The number that makes Coffee Circle's model concrete: for every kilogram of coffee sold, €1 flows to Coffee Circle Foundation e.V., the company's nonprofit arm that funds community-led projects at origin. That structure, not a vague sustainability pledge, is a core reason the Specialty Coffee Association named the Berlin-based roaster its 2026 for-profit Sustainability Award winner on March 30.

The SCA simultaneously named Bean Voyage, a Costa Rica-based nonprofit co-founded in 2016 by SungHee Tark and Abhinav Khanal, as its non-profit category winner. Together, the two organizations illustrate what the SCA's restructured award program, now with separate for-profit and non-profit categories, is explicitly designed to surface: measurable, replicable models rather than aspirational commitments.

Coffee Circle, founded in 2010, pairs above-market pricing and long-term producer relationships with digital traceability that makes price flows visible across the supply chain. Over 15 years, that per-kilo mechanic has translated to more than €5 million invested in coffee-growing regions, funding clean water access, food security programs, reforestation, and climate resilience work. This is also the company's second SCA recognition: its Jimma Agro-Biodiversity Project in Ethiopia won in the "project" category in 2022, making the 2026 for-profit award a validation of the full business model rather than a single initiative.

Bean Voyage targets a structural problem in supply chain equity. Women perform an estimated 50 to 70 percent of labor in coffee production but have historically been cut out of the income and market relationships that flow from it.

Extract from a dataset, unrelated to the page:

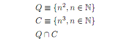 \Tdefine{Q}{\{ n ^ 2 , n \in \mathbb{N} \}}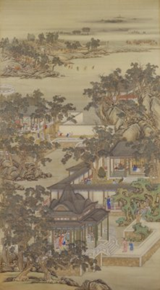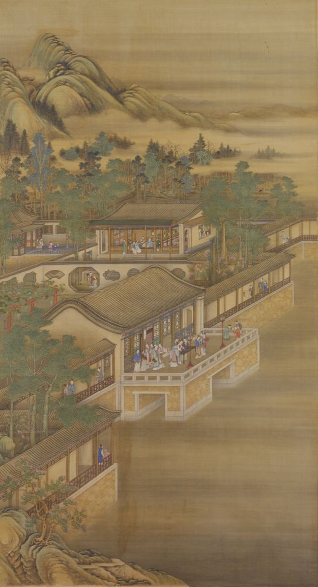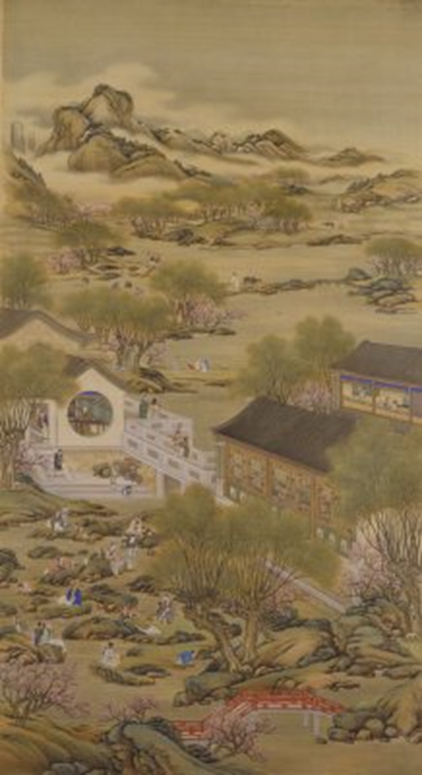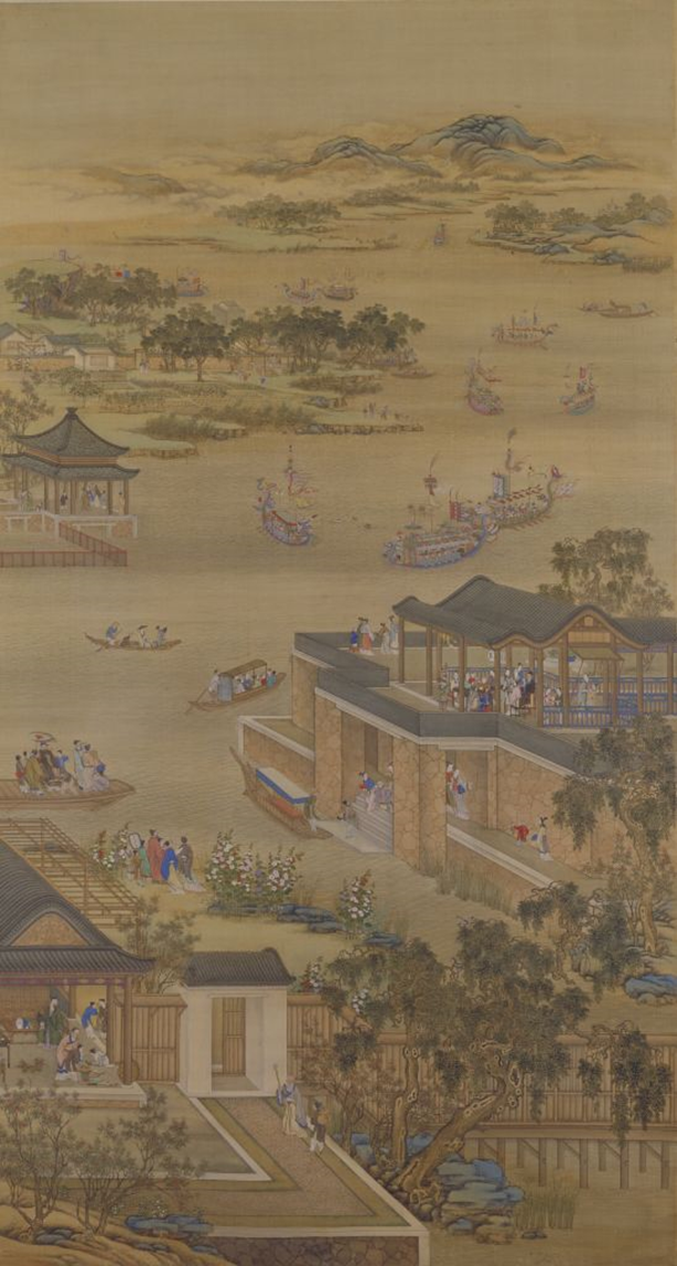这是一组表现雍正皇帝日常生活的作品,按春、夏、秋、冬四季12个月的顺序排列,分别为“正月观灯”、“二月踏青”、“三月赏桃”、“四月流觞”、“五月竞舟”、“六月纳凉”、“七月乞巧”、“八月赏月”、“九月赏菊”、“十月画像”、“十一月参禅”和“腊月赏雪”。从描绘的景物判断,表现的对象应为圆明园。画面以山水楼阁为主,建筑描绘细腻,其中既有中式园林建筑,又有西式亭台楼阁,更有中西合璧者,画面的景观可能是画家以圆明园的建筑结合自己的想象而创作的。

Tark and Khanal built Bean Voyage to close that gap directly: the organization has connected more than 1,300 women smallholder producers to markets, generating more than $1.4 million in direct income alongside $800,000 in seed grants and support programs. "By connecting smallholder women coffee producers directly to markets, we help ensure that a group often excluded from these spaces is not only visible, but meaningfully included," Tark said.

AI-generated illustration
AI-generated illustration

For roasters and importers evaluating sourcing partners, Coffee Circle's per-kilo reinvestment rate and Bean Voyage's income generation figures are exactly the kind of documented proof points the SCA's evaluation criteria, which include measurable outcomes, governance, equity, and innovation, were built to validate. The final-stage jury was composed of previous SCA Sustainability Award winners, adding practitioner credibility to the selection process.

Winners will be formally recognized at World of Coffee San Diego, running April 10 through 12, where both organizations are expected to share learnings with the wider specialty community. When other brands claim comparable impact, the Coffee Circle and Bean Voyage playbooks now set the floor for what "measurable" actually has to mean: a per-unit reinvestment figure you can audit, and an income number tied to real producer relationships you can count.